She paused and said uncertainly, "...Spagnolo?" which is the Italian word for Spanish. Then the penny quickly dropped for me. Her uncertainty turned to stunned amazement and she passed the phone to another Italian woman who got over her amazement in short order and started firing off questions to me. By the time I got her reined in I had the story pretty much figured out. They had missed their tour bus, all their belongings had gone to Miami where they were staying and they were stranded and destitute in Key West. The story ends well, as evidence here by a shared lunch at Shrimp Shack the next day but it was an arduous road.

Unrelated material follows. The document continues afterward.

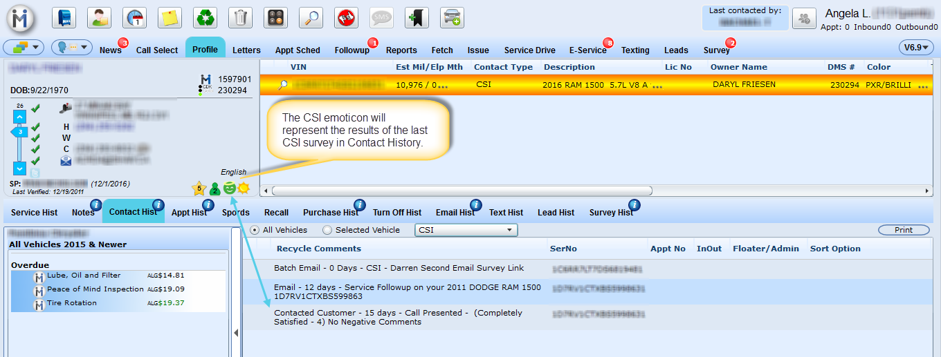 CSI emoticon - hover over the emoticon to read last CSI results in Contact History.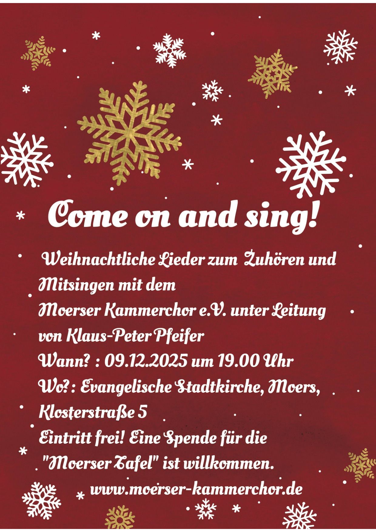 Der Moerser Kammerchor wünscht Ihnen eine schöne Adventszeit, ein frohes Weihnachtsfest und ein friedvolles, glückliches Jahr 2026!

Francesca is sucking on an ice cold glass of water, Lucia is hunting grouper on her plate.
They were a mess the prior evening. I called on Officer Young for help. I explained the situation and I told him the truth, this call needed someone armed with patience and persistence and he was the best officer for the job. I could interpret for him over the phone. He put down his paperwork and got ready to get on the road. His preparations consisted of rounding up Officer Wood, trained in dispatch, to take over my radio duties and stuff me in his police car for a ride to the Days Inn. "It's good to get out of the office occasionally," he said tersely. Good for him maybe but I'm a dispatcher, I like my office. The third member of the bedraggled trio lives in Milan. Rita works for the fashion house of Dolce and Gabbana. She looks rather severe in this picture:
Boy, these women were in a pickle, standing in the parking lot of the hotel with nothing but the clothes they stood up in, which included swimsuits in the place of underwear as they had been out snorkeling for the day. They misunderstood their rendezvous time, and the bus, with their cards ID and money were all on the road to Miami. They didn't know the name of the tour company or the phone number or anything useful at all. Except that it was on Collins Avenue in South Beach. Officer Young got to work figuring out who was what and where.While Officer Young was trying to put the pieces together with help from a colleague Up North a Key West man approached and said:
"I couldn't help but overhear that you are looking for a driver called Peter. My boat works sometimes with a guy called Peter. Do you need his number?" That was the breakthrough and somehow we got Peter to call another hotel where he read off one of their credit card numbers and the Radisson kindly put them up for the night and got them dinner at the restaurant. After better than two hours struggling with this intractable issue I got back to my desk and my headset. "Well" I told Paula, "that was exhausting. Who wants to be a cop?"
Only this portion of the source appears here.